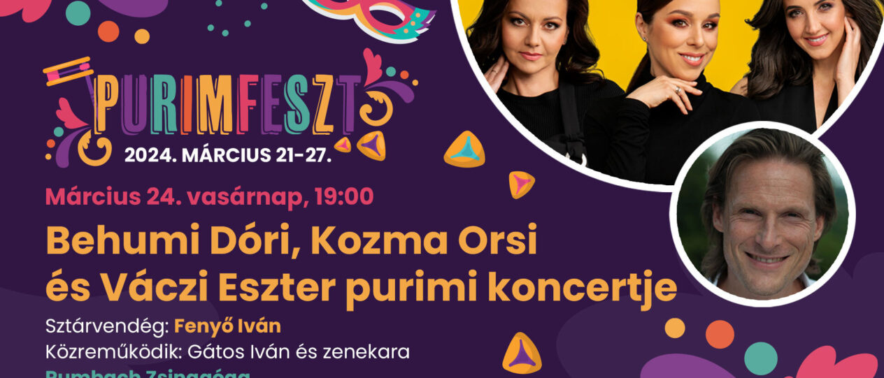 Behumi Dóri, Kozma Orsi és Váczi Eszter purimi koncertje 2024. március 24. vasárnap, este 7 órakor a Rumbach zsinagógában. Sztárvendég Fenyő Iván.
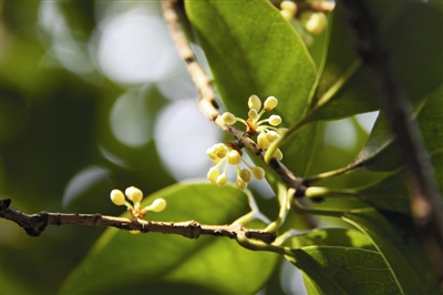 这两日30℃左右的气温着实令人舒服,杭城“第一桂”也神气地开花了呢。在杭州少儿公园左手转弯几步路的地方,就有这么一棵“骄傲”的小桂花树,挂着“第一桂”的身份牌,小米粒大小的花苞已经陆陆续续打开了,明亮的黄色一簇一簇聚在一起,甚是可爱。在这株明星桂对面还有一株桂花树,同样是早银桂品种,也不甘落后,散发着满树的清香。
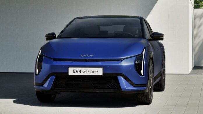 The EV4 GT-Line variant introduces sportier design elements, including wing-shaped front and rear bumpers and triangular-patterned 19-inch wheels, reinforcing a more dynamic and futuristic character.
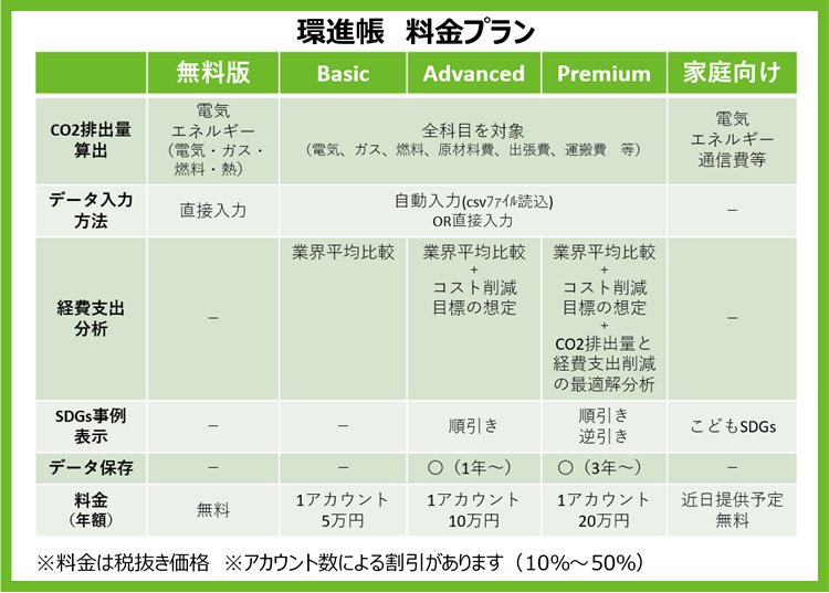 脱炭素経営を支援するクラウドサービス「環進帳」Premium版をリリースしました~CO2排出量の算定と可視化、削減効果の計算および事例の参照が可能~
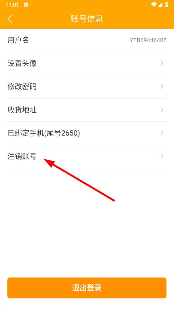 4、在賬號信息頁面里,點擊注銷賬號選項,進入注銷賬號提示頁面。
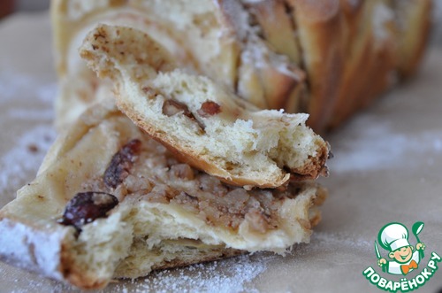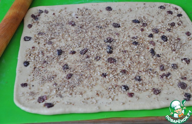 Посыпаем равномерно тесто коричневым сахаром, вяленой клюквой и измельчёнными орехами. Слегка прокатываем скалкой, чтобы начинка не осыпалась при формовке.

+++++

- **Task to carry out**
With the images omitted, retype the records above exactly.

- **Solution to the problem**
 Behumi Dóri, Kozma Orsi és Váczi Eszter purimi koncertje 2024. március 24. vasárnap, este 7 órakor a Rumbach zsinagógában. Sztárvendég Fenyő Iván.
 这两日30℃左右的气温着实令人舒服,杭城“第一桂”也神气地开花了呢。在杭州少儿公园左手转弯几步路的地方,就有这么一棵“骄傲”的小桂花树,挂着“第一桂”的身份牌,小米粒大小的花苞已经陆陆续续打开了,明亮的黄色一簇一簇聚在一起,甚是可爱。在这株明星桂对面还有一株桂花树,同样是早银桂品种,也不甘落后,散发着满树的清香。
 The EV4 GT-Line variant introduces sportier design elements, including wing-shaped front and rear bumpers and triangular-patterned 19-inch wheels, reinforcing a more dynamic and futuristic character.
 脱炭素経営を支援するクラウドサービス「環進帳」Premium版をリリースしました~CO2排出量の算定と可視化、削減効果の計算および事例の参照が可能~
 4、在賬號信息頁面里,點擊注銷賬號選項,進入注銷賬號提示頁面。
 Посыпаем равномерно тесто коричневым сахаром, вяленой клюквой и измельчёнными орехами. Слегка прокатываем скалкой, чтобы начинка не осыпалась при формовке.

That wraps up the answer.